> [Data]:
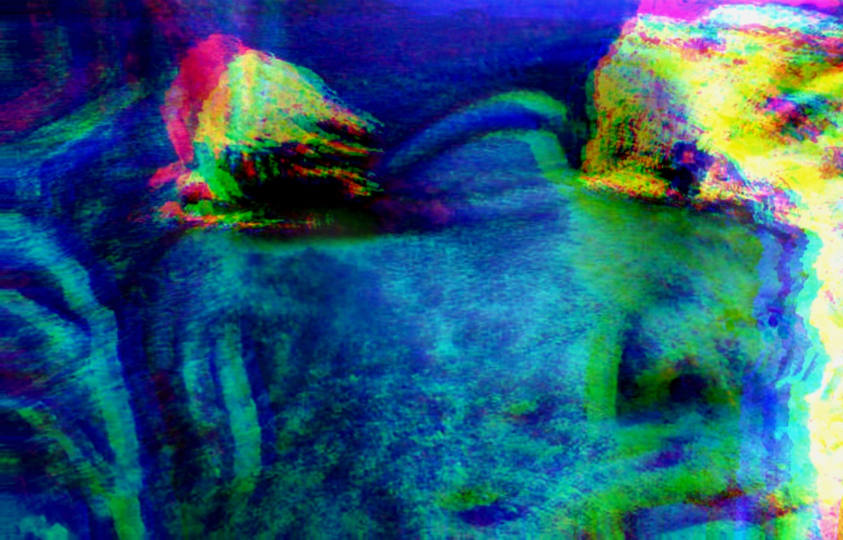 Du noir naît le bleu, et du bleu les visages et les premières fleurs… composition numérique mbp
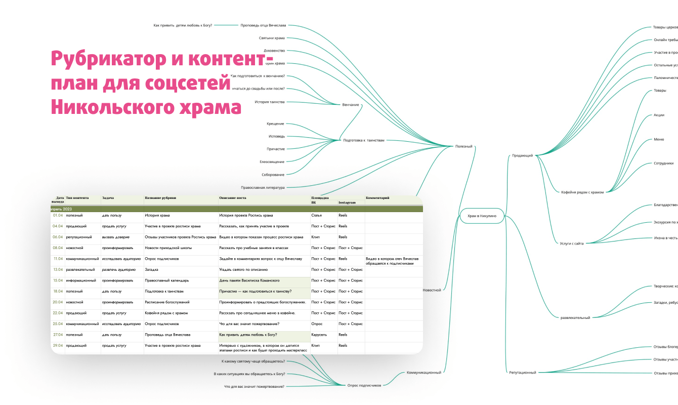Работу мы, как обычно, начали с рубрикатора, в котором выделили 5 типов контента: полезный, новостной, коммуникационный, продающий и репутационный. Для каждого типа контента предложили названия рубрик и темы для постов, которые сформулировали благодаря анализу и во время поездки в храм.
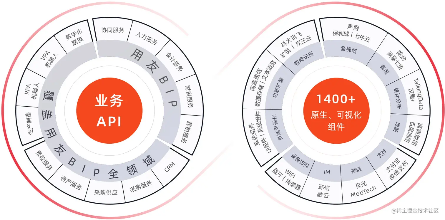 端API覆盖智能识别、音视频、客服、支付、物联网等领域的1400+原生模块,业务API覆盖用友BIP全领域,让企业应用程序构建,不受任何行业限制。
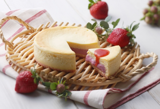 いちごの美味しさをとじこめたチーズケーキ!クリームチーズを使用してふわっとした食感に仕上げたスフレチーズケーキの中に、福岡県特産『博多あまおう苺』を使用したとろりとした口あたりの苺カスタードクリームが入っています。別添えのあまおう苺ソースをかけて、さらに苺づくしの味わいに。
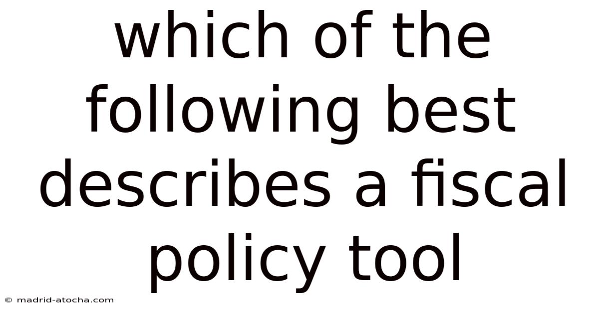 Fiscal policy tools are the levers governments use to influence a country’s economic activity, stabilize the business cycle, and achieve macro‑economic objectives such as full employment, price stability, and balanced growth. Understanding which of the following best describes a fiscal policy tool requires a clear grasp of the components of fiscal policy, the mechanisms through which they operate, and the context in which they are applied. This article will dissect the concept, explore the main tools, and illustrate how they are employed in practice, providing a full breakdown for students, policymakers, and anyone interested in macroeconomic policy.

> [What you should do]: Could you copy the lines above exactly and skip the images?

> [Exercise solution]:
 Du noir naît le bleu, et du bleu les visages et les premières fleurs… composition numérique mbp
Работу мы, как обычно, начали с рубрикатора, в котором выделили 5 типов контента: полезный, новостной, коммуникационный, продающий и репутационный. Для каждого типа контента предложили названия рубрик и темы для постов, которые сформулировали благодаря анализу и во время поездки в храм.
 端API覆盖智能识别、音视频、客服、支付、物联网等领域的1400+原生模块,业务API覆盖用友BIP全领域,让企业应用程序构建,不受任何行业限制。
 いちごの美味しさをとじこめたチーズケーキ!クリームチーズを使用してふわっとした食感に仕上げたスフレチーズケーキの中に、福岡県特産『博多あまおう苺』を使用したとろりとした口あたりの苺カスタードクリームが入っています。別添えのあまおう苺ソースをかけて、さらに苺づくしの味わいに。
 Fiscal policy tools are the levers governments use to influence a country’s economic activity, stabilize the business cycle, and achieve macro‑economic objectives such as full employment, price stability, and balanced growth. Understanding which of the following best describes a fiscal policy tool requires a clear grasp of the components of fiscal policy, the mechanisms through which they operate, and the context in which they are applied. This article will dissect the concept, explore the main tools, and illustrate how they are employed in practice, providing a full breakdown for students, policymakers, and anyone interested in macroeconomic policy.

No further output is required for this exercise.